Der Gärtner & die Gattin: Wegen ihrer Tagebücher fliegen sie immer getrennt

Der Gärtner & die Gattin: Wegen ihre Tagebücher fliegen sie immer getrennt
Der Gärtner & die Gattin: Wegen ihre Tagebücher fliegen sie immer getrennt

© IMAGO / Photopress Müller

08.03.2021 15:30 Uhr

Claus Theo Gärtner ist den meisten als Josef Matula bekannt, den er über drei Jahrzehnte in der kultigen ZDF-Krimiserie "Ein Fall für zwei" verkörperte. Im Lockdown hatte auch er wie Millionen Landsleute reichlich Zeit daheim. Mit der Göttergattin.

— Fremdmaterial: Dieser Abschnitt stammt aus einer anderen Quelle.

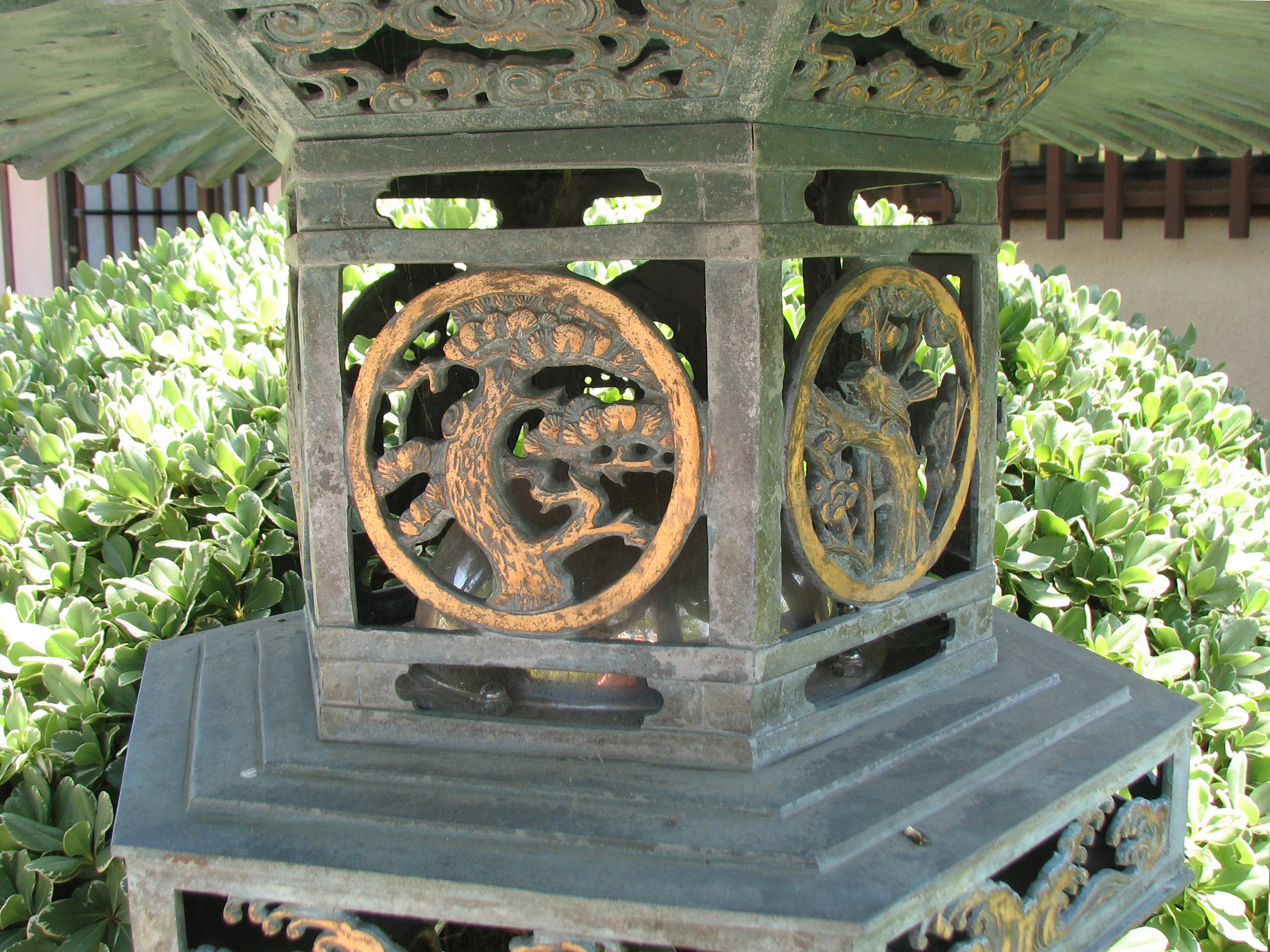 Kitsune is the Japanese word for 'fox'. "Foxes and human beings lived close together in ancient Japan; this companionship gave rise to legends about the creatures. Kitsune have become closely associated with Inari, a Shinto kami or spirit, and serve as its messengers. This role has reinforced the fox's supernatural significance. The more tails a kitsune has—they may have as many as nine—the older, wiser, and more powerful it is. Because of their potential power and influence, some people make offerings to them as to a deity." (Source: Wikipedia) "In the Shinto tradition, foxes are wily spirit messengers. One [of these statues] holds in its mouth a lock, and the other has a 'wish-fulfilling gem'. Those who approach the shrine and entrust a message for the deity [Inari] must do so with humility and make prayerful requests and supplications that it indeed be delivered." (From info card) Going back outside, now to the beautiful Japanese gardens, a lantern caught my eye: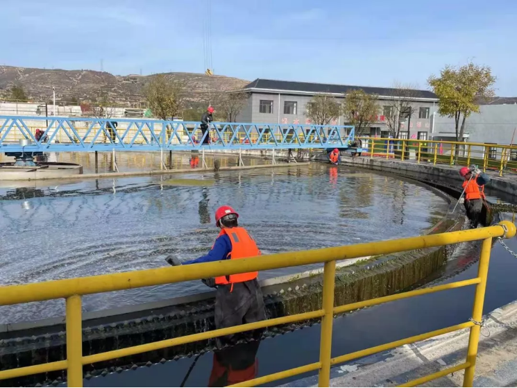 文明創(chuàng)建我先行——泓源城東污水處理公司全面清洗二沉池 全力保障出水達標排放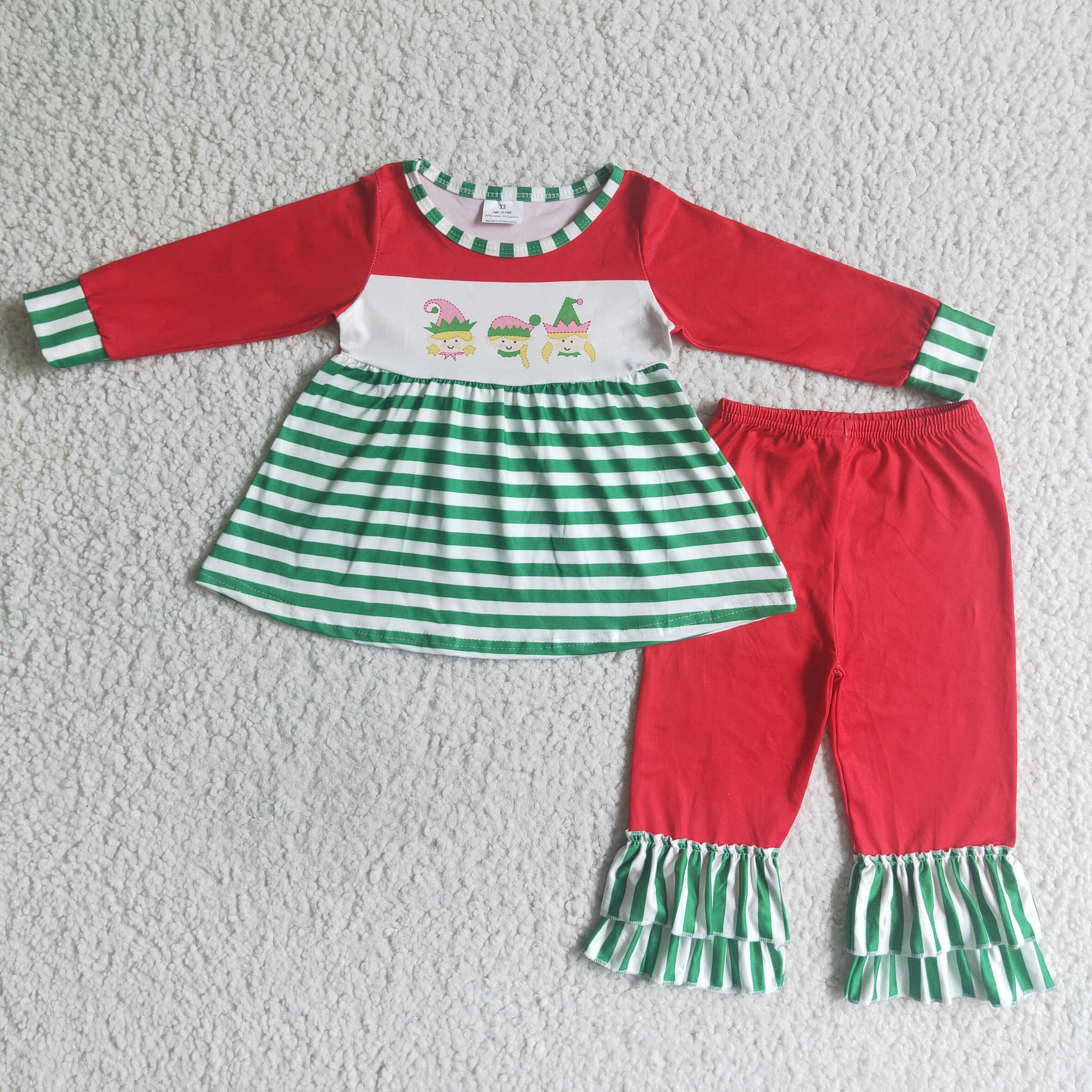 GLP0057 Christmas Green Stripes Red Cartoon Ruffles Tunic Girls Long Sleeve Pants Outfits

Mit seiner 36 Jahren jüngeren Frau Sarah hat der 77-Jährige TV-Star am Testatment und Patientenverfügungen gearbeitet. Die Idee dazu kam ihm schon zum Beginn der Pandemiezeit letzte Jahr.

„Coronabedingt gab es Momente, in denen ich dachte: jetzt möchte ich möglichst viel gemeinsame Zeit möglichst intensiv genießen. Wer weiß, was passiert und wie schnell was passiert?“ erzählte Gärtner im Gespräch mit Andreas Kurtz in dessen schon jetzt kultigen, weil lebensbejahenden Sonntags-Kolumne der „Berliner Morgenpost“.

„Wann bin ich dran?“

Die Tode von bekannten Film- und Theaterkollegen hatten Claus Theo Gärtner Kopfzerbrechen bereitet: „Da frage ich mich: wann bin ich dran?“ Sich selbst gibt der Schauspieler allerdings noch zehn Jahre. „Meine Mutter ist 96 geworden. Und wenn sie keinen Unfall gehabt hätte, wäre sie jetzt 100.“

Dass sich das Paar in der Pandemiezeit nicht an die Gurgel gegangen ist und der Gärtner nicht zum Mörder wurde, betrachtet er als eine herausragende Errungenschaft. „Man geht sich ja schnell auf den Wecker. Aber jetzt haben wir mal fünf Monate aufeinander gegluckt. Ein großer Erfolg! Wenn ich so höre, was bei anderen abgegangen ist, kann ich nur sagen: Wir sind glücklich dran.“

Darum fliegen sie lieber getrennt

In dem durchaus heiteren Gespräch über Testament und Patientenverfügungen überraschte Sarah Gärtner ihren Ehemann, mit dem sie übrigens schon seit 2008 verheiratet ist, dann doch noch. Denn vor dem jeweiligen Ableben müsse dringendst noch etwas geregelt werden. Das Paar wolle offensichtlich noch ein paar Geheimnisse mit ins Grab nehmen. Jeder für sich.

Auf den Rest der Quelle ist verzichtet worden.